[STORED DATA Boundary: Start]
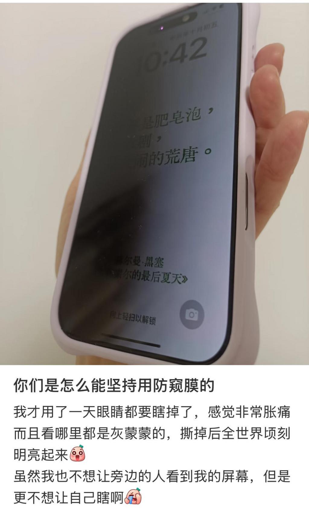 小杨说,为了看清楚屏幕她还把手机亮度调到最高,耗电量都增加了不少。" 不自觉就会把手机凑更近,眼睛要更用力聚焦。只用了一天我就受不了了,撕掉防窥膜感觉整个世界都干净了。"
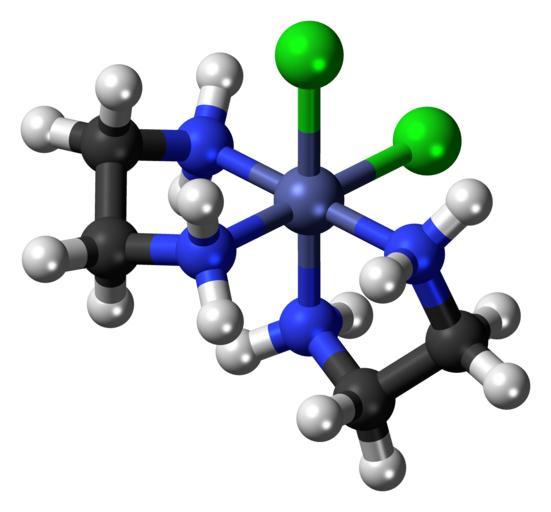 Keywords: Cis-Dichlorobis(ethylenediamine)cobalt(III) cation 3D ball.png Ball-and-stick model of the cis-dichlorobis ethylenediamine cobalt III complex This image shows the Λ lambda isomer as a cation positive charge Colour code 505050 Carbon C black<br> F0F0F0 Hydrogen H white<br> 3C50FA Nitrogen N blue<br> 14F014 Chlorine Cl green<br> 7078C0 Cobalt Co grey-blue<br> 2011-06-15 own DS Visualizer Jynto talk Cationic form space-filling version Chloride salt ball-and-stick version Chloride salt space-filling version cc-zero cobalt complexes ethylenediamino complexes chloro complexes Complex cations Images by Jynto Ball-and-stick models |
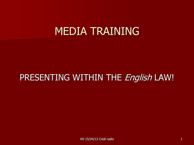 Victims of Sexual Offences Jigsaw identification Reporting Restrictions Children and the Law Copyright and other intellectual property rights Data Protection Act VH 15/04/13 Cre8 radio
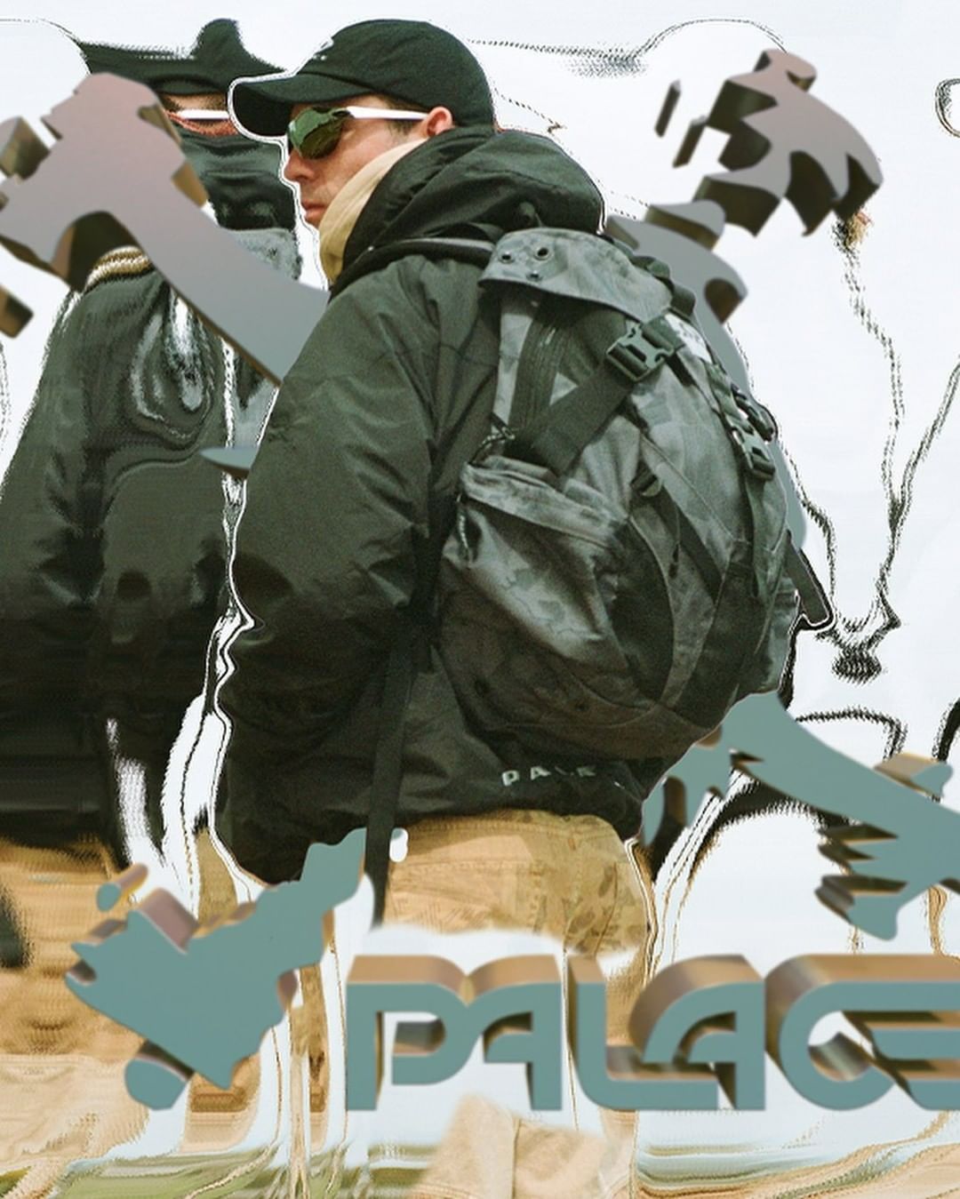 Afin d’accompagner les montures, on retrouve des pièces textiles ornées du logo de la collection. Le logo circulaire d’Oakley voit ici son inscription remplacée par celle de Palace. Au programme : des pièces techniques orientées outdoor dans des tons noirs, gris et ocres. Notre pièce préférée reste l’ensemble veste et short avec des poches bombées semblables à des verres de lunettes. Mais vous pourrez retrouver aussi des vestes et pantalons aux inspirations plus workwear ainsi que des pièces plus simples comme des hoodies toujours dans les mêmes tons ainsi que des t-shirts ornés de têtes de mort. Côté accessoires, retrouvez en plus des deux paires de lunettes, des casquettes, des bonnets ainsi que des sacs à dos techniques.
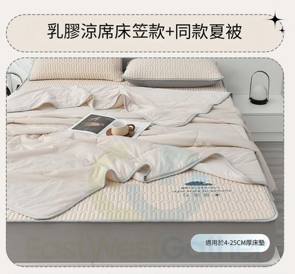 90cmx200cm 富士山-米白夏被四件套[床笠款乳膠涼席+冰絲夏被+乳膠枕套]冰絲涼蓆床單 透氣涼席床笠 mat Sheet 包送貨-春夏可折疊冰絲席(N22298-115)
[STORED DATA Boundary: End]
* [TASK OBJECTIVE]
Beginning with the first line of the records and ending with the line that contains "Victims of Sexual", reproduce every line exactly, omitting pictures and adding nothing.

* [COMPLETED EXERCISE]
 小杨说,为了看清楚屏幕她还把手机亮度调到最高,耗电量都增加了不少。" 不自觉就会把手机凑更近,眼睛要更用力聚焦。只用了一天我就受不了了,撕掉防窥膜感觉整个世界都干净了。"
 Keywords: Cis-Dichlorobis(ethylenediamine)cobalt(III) cation 3D ball.png Ball-and-stick model of the cis-dichlorobis ethylenediamine cobalt III complex This image shows the Λ lambda isomer as a cation positive charge Colour code 505050 Carbon C black<br> F0F0F0 Hydrogen H white<br> 3C50FA Nitrogen N blue<br> 14F014 Chlorine Cl green<br> 7078C0 Cobalt Co grey-blue<br> 2011-06-15 own DS Visualizer Jynto talk Cationic form space-filling version Chloride salt ball-and-stick version Chloride salt space-filling version cc-zero cobalt complexes ethylenediamino complexes chloro complexes Complex cations Images by Jynto Ball-and-stick models |
 Victims of Sexual Offences Jigsaw identification Reporting Restrictions Children and the Law Copyright and other intellectual property rights Data Protection Act VH 15/04/13 Cre8 radio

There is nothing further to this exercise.